Under the direction of first-year manager Ron Roenicke, these Brewers have essentially taken control of their destiny in the NL Central race, which had originally looked to be thrilling three-team chase just three weeks ago.

Is this Milwaukee’s year to finally get over the hump and into the World Series picture? The statistics reveal everything there is to know:

  • Since the All-Star break, the Brewers’ starting rotation ranks first in MLB in ERA (2.93) and WHIP (1.11) after ranking 26th in ERA in 2010 (4.58)
  • Milwaukee’s bullpen ranks third in MLB in HLD (22) since the break, and ranks first in OPS (.614)

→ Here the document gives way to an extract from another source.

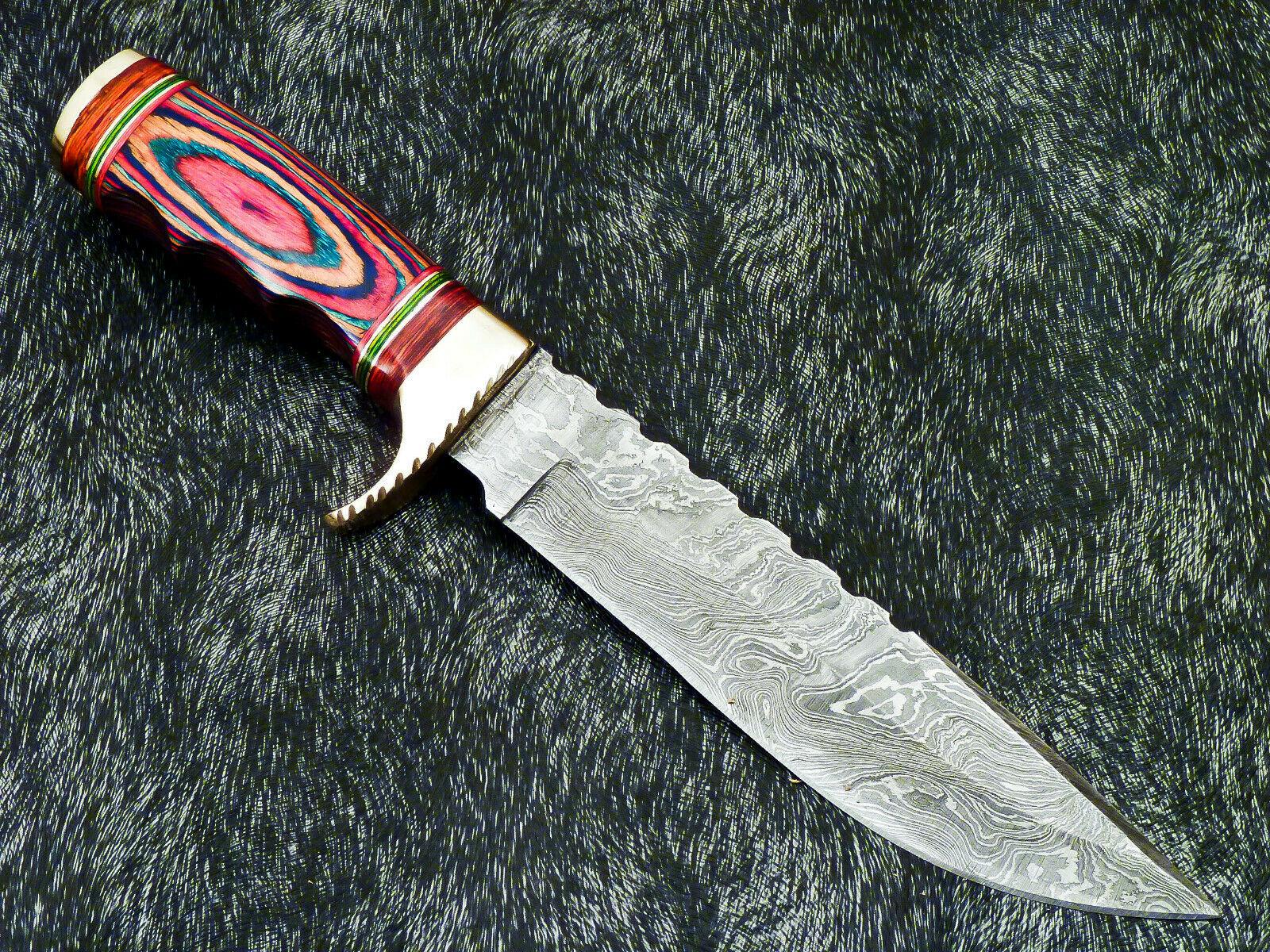 Authentic Hand Forged Damascus 12" Bowie Hunting Knife – Hard Wood Handle

Last season, untimely pitching cost the Brewers a shot at the postseason, finishing third overall in the NL Central with a 77-85 mark. In 2011, you could argue pitching has been Milwaukee’s best attribute.

GM Doug Melvin once more worked his magic with trading for Zack Greinke and Shaun Marcum to improve a starting rotation. It took letting go three of Milwaukee’s top minor league prospects to complete, but with the way things have been going of late, the moves seem ingenious.

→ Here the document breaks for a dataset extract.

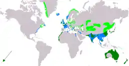 Зустрічається у Північній Америці, Гренландії, Європі (переважно Центральній та на Балканах, Лапландії), Північній Африці, Південній Азії (насамперед у Казахстані) і навіть в Австралії та Новій Зеландії. Гніздиться у Середній Азії та країн Середземномор'я.З початку 1980-х років чисельність гніздових популяцій виду збільшилася майже в усіх країнах Європи, що призвело до його інтенсивної територіальної експансії. В Україні гніздиться майже на всій території. В континентальній частині гніздування приурочене до великих водойм з достатньою кормовою базою, та риборозплідних ставків. Під час міграцій трапляється на більшій частині суходолу; зимує біля морського узбережжя, в пониззях Дніпра, Дунаю та Дністра.[2]

Greinke (12-4, 3.92 ERA, 151 SO) has yet to lose a home decision in 2011, going 9-0 with a 3.15 ERA at Miller Park. Marcum, adversely, has been a gem away from Milwaukee—going 6-2 with a 2.47 ERA on the road.

Offensively, the Brewers are the juggernaut they’ve always been. Between Ryan Braun and Prince Fielder—two serious candidates to win the NL MVP award, according to ESPN’s Jayson Stark—the two have managed a combined 176 RBI, 52 HR and maintain the two highest OPS marks of any two teammates in MLB.

The Brewers have seemingly been firing on all cylinders for the past two weeks. With a favorable schedule ahead, an NL Central pennant seems more and more likely with each victory.